The Obama administration didn’t allow the first mortgage crisis to go to waste. They took control of General Motors and got the Democratic Congress to give them 800 billion dollars to spend however the executive branch wished. It cost workers hundreds of thousands of jobs. It put the party most responsible for the crisis in charge of ending it.
The Community Reinvestment Act, ACORN and the Department of Housing and Urban Development, in consort with Fannie May and Freddie Mac, gave us the housing boom which led naturally to the subsequent bust. They did it by mandating that banks make an an absurdly high level of sub-prime loans. By the time Andrew Cuomo was Secy of H.U.D. under President Clinton, forty percent of mortgage loans were to people with poor credit. It was a house of cards that had to fall unless the rate of sub-prime lending were reduced. Incredibly, Secy. Cuomo insisted that sub-prime lending be increased and put the pressure on the banks to do so.

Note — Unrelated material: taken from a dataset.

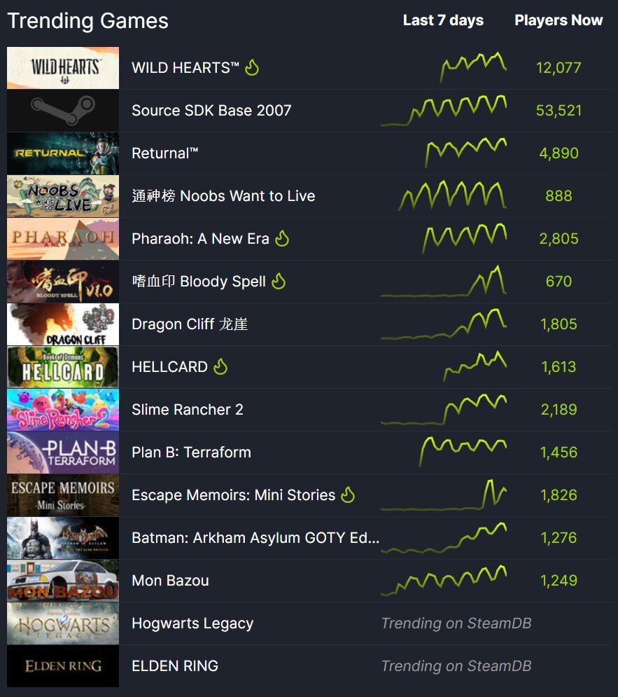 - 금주 스팀DB 기준 트렌드 페이지 상단에 위치한 게임은 EA의 신작 수렵 액션 게임 '와일드 하츠'가 선정됐습니다. '케모노'라 불리는 여러 괴수와 맞서 싸우는 주인공을 그리는 액션 게임으로, 무쌍 시리즈로 유명한 개발사 오메가포스와 EA가 협업해 탄생시킨 작품이기도 합니다. 플레이어는 '카라쿠리'라고 불리는 시스템을 이용, 지형과 사물을 전략적으로 활용하면서 자신보다 거대한 괴물을 상대해 나가게 됩니다.

The same forces are at work to do exactly the same thing all over again.
Bloomberg Businessweek reports:
Community activists in St. Louis became concerned a couple of years ago that local banks weren’t offering credit to the city’s poor and African American residents. So they formed a group called the St. Louis Equal Housing and Community Reinvestment Alliance and began writing complaint letters to federal regulators.
That was an example of community organizers at work.
At the Justice Dept., a new 20-person unit dedicated to fair lending issues received a record number of discrimination referrals from regulators in 2010 and has dozens of open cases, according to a recent agency report. Potential penalties can reach into the millions of dollars. “We are using every tool in our arsenal to combat lending discrimination,” Thomas E. Perez, the assistant attorney general for the Civil Rights Div., told a conference of community development advocates in Washington in April.
Make bad loans or pay fines. That’s the government at work.
Why would a politician want to repeat the very steps that led to the housing collapse and put so many people out on the street? There are only four possible reasons: stupidity, ignorance, seeking power or seeking opportunities for corruption.